● GOAL OF THE EXERCISE
Give the entries again exactly, without pictures.

[Excerpts from a dataset]
#####

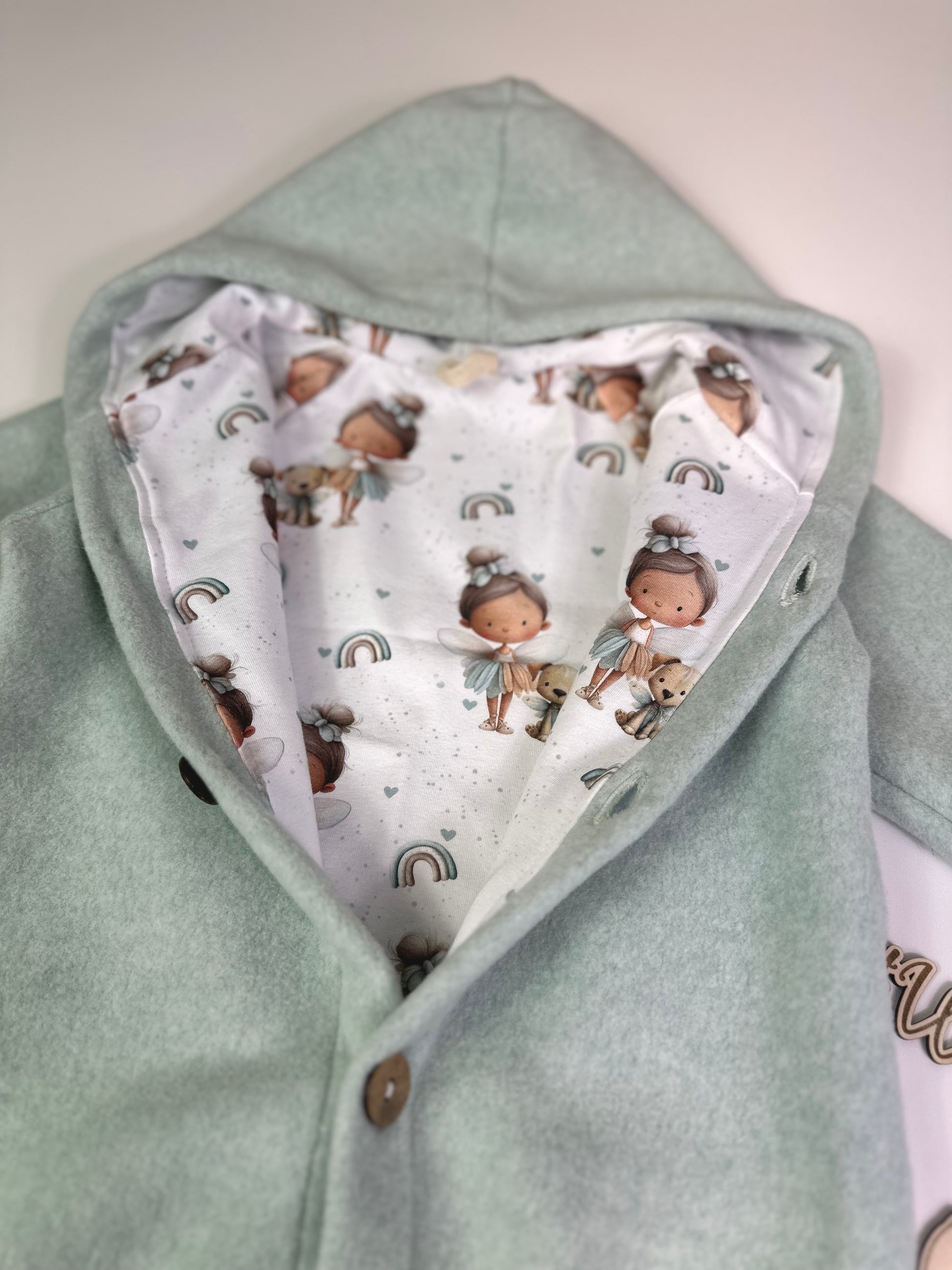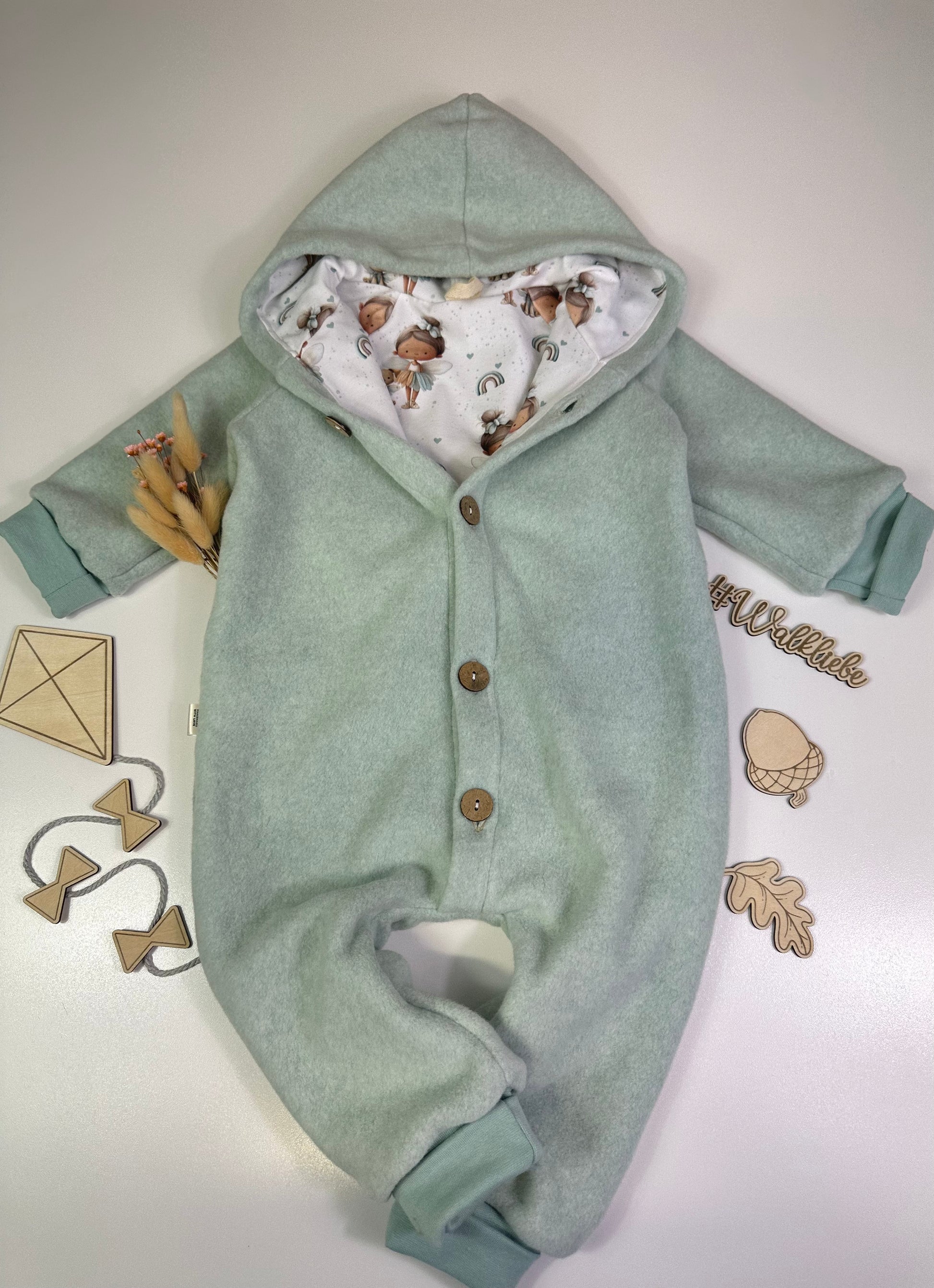 Unser liebevoll handgefertigte Baby Overall aus Walk ist der perfekte Begleiter für kühle Herbst- und Wintertage. Der weiche Walk sorgt für wohlige Wärme, während das Innenfutter mit süßen Elfen Design für ein Hauch von Eleganz und Komfort sorgt.
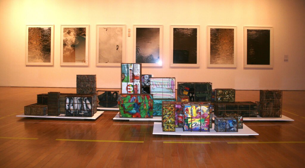 «DO  WABURA  DAI  BIA  OZHIRADA» (“ADIOS RIO QUE TANTO BIEN NOS HICISTE” traducción al español de la lengua Emberá-Katío). 1912 (creación colectiva liderada por Olga Gómez Angulo -1944 – 2023-, realizada con jaulas y depósitos para pájaros a manera de contenedores de gran variedad de artículos y desechos que, gracias a su cuidadosa selección se convierten en un inventario para la memoria colectiva, un archivo sin garantía de futuro, un ritual de simbologías de pérdidas…)
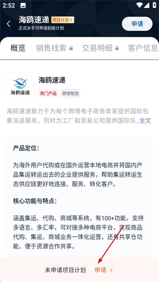 在产品详情页面,点击底部的申请选项,就能申请该项目计划。
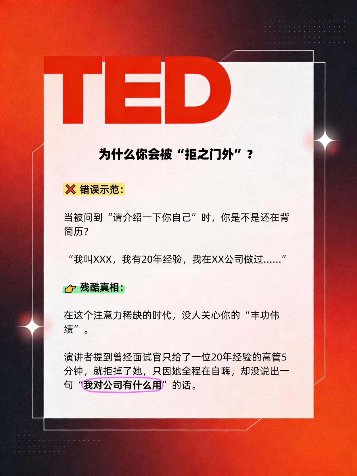 #自我介绍 #职场干货 #面试技巧 #TED演讲
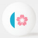 Ping Pong Ball with a design with the flag of Salem, Oregon. A white and blue flag with a pink cherry blosson
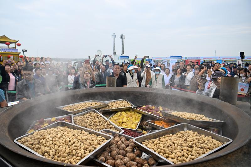 在天津市北辰区西堤头镇曙光水镇活动现场拍摄的为游客准备的五谷杂粮蒸食。

#####

● TASK OUTPUT
 Unser liebevoll handgefertigte Baby Overall aus Walk ist der perfekte Begleiter für kühle Herbst- und Wintertage. Der weiche Walk sorgt für wohlige Wärme, während das Innenfutter mit süßen Elfen Design für ein Hauch von Eleganz und Komfort sorgt.
 «DO  WABURA  DAI  BIA  OZHIRADA» (“ADIOS RIO QUE TANTO BIEN NOS HICISTE” traducción al español de la lengua Emberá-Katío). 1912 (creación colectiva liderada por Olga Gómez Angulo -1944 – 2023-, realizada con jaulas y depósitos para pájaros a manera de contenedores de gran variedad de artículos y desechos que, gracias a su cuidadosa selección se convierten en un inventario para la memoria colectiva, un archivo sin garantía de futuro, un ritual de simbologías de pérdidas…)
 在产品详情页面,点击底部的申请选项,就能申请该项目计划。
 #自我介绍 #职场干货 #面试技巧 #TED演讲
 Ping Pong Ball with a design with the flag of Salem, Oregon. A white and blue flag with a pink cherry blosson
 在天津市北辰区西堤头镇曙光水镇活动现场拍摄的为游客准备的五谷杂粮蒸食。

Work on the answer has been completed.